1. ROZPOCZĘCIE PROCESU FERMENTACJI

1. ROZPOCZĘCIE PROCESU FERMENTACJI
CEL ĆWICZENIA:
Przygotowanie mieszaniny fermentacyjnej do produkcji etanolu przez drożdże (Saccharomyces
cerevisiae). Końcowa objętość mieszaniny fermentacyjnej– 4,0 L
Źródło węgla – GLUKOZA CGLUKOZY = 10-14 %
Drożdże piekarnicze – 5g
PRZYGOTOWANIE
1. Rozpuścić odpowiednią naważkę glukozy w wodzie destylowanej.
2. Przenieść do butli i dokładnie wymieszać.
3. Pobrać ok. 8 mL próbki do oznaczania stężenia glukozy i pozostawić w szczelnie zamkniętej
probówce w temperaturze -20 °C do dalszych zajęć.
4. Następnie dodać drożdże poczekać aż spęcznieją i dobrze zamieszać butlą.

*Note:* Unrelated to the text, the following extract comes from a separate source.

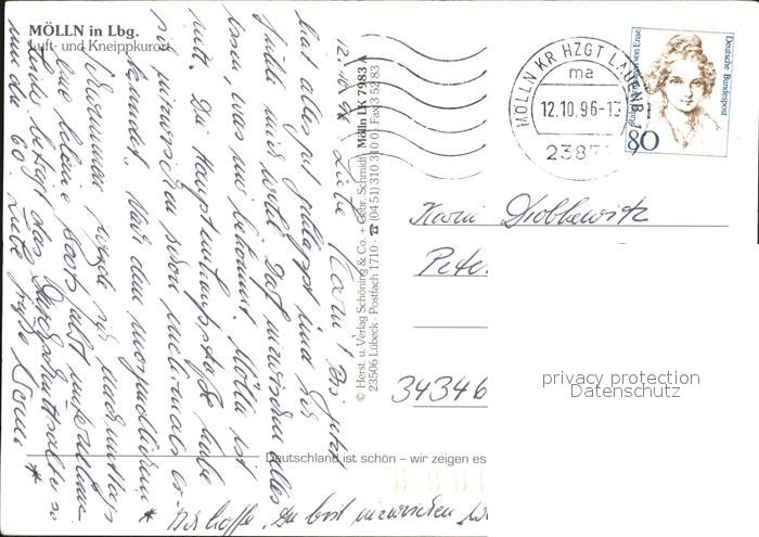 72460705 alte Postkarte Moelln Lauenburg Fliegeraufnahme postalisch gelaufen Erhaltung siehe scans KatCode: 11110001053090

5. Butlę szczelnie zamknąć korkiem z rurką odprowadzającą CO2 i pozostawić na okres kilku
tygodni w temperaturze pokojowej.
2. OPRACOWANIE KRZYWYCH
KALIBRACYJNYCH NA GLUKOZĘ
Należy przygotować krzywe standardowe dla glukozy w pH podanym przez prowadzącego dla
testu z odczynnikiem DNS oraz odczynnikiem różowym. Wyznaczone krzywe będą
wykorzystywane w czasie laboratorium z obróbki wstępnej materiału lignocelulozowego oraz w
oznaczeniach stopnia konwersji glukozy w procesie fermentacji alkoholowej.

TEST DNS (analiza na obecność glukozy i innych cukrów redukujących)
Do 0,5 mL roztworu zawierającego glukozę o stężeniu 0,1 – 2,0 g/L dodać 1,5 mL odczynnika
DNS i próby wstawić na 5 min do 100 °C. Następnie próby ochłodzić, dodać 8 mL wody
destylowanej i po 25 min od wyciągnięcia z łaźni zmierzyć absorbancję przy 550 nm względem
próby kontrolnej. Do kontroli zamiast roztworu cukru dodaje się 0,5 mL wody, a następnie próbkę
tą traktuje się jak wszystkie pozostałe.

Oznaczanie stężenia glukozy testem enzymatycznym.
Zasada metody. Glukoza pod wpływem oksydazy glukozowej utlenia się do kwasu
glukonowego z wytworzeniem nadtlenku wodoru. Ten ostatni reaguje w obecności
peroksydazy z kwasem hydrobenzoesowym (HBA) i 4-aminoantypiryną (AAP) tworząc
czerwony barwnik chinonoiminę, którego intensywność zabarwienia mierzona przy długości
fali 500 nm jest wprost proporcjonalna do stężenia glukozy w próbce.
Glukoza + O2 + H2O Oksydaza glukozowa
H2O2 + HBA + AAP Peroksydaza
kwas glukonowy +H2O2
chinonoimina + 4 H2O
Odczynniki: Odczynnik I (składniki aktywne: oksydaza glukozowa, peroksydaza, AAP,
HBA, bufor fosforanowy), stabilizowany standard glukozy.
Z odpowiednio rozcieńczonej próbki pobrać 10 μl do 1 ml odczynnika zawierającego
oksydazę glukozową (Glukoza OXY DST, Alpha Diagnostics), inkubować przez 5 min w
37oC, a następnie mierzyć absorbancję przy długości fali 550 nm.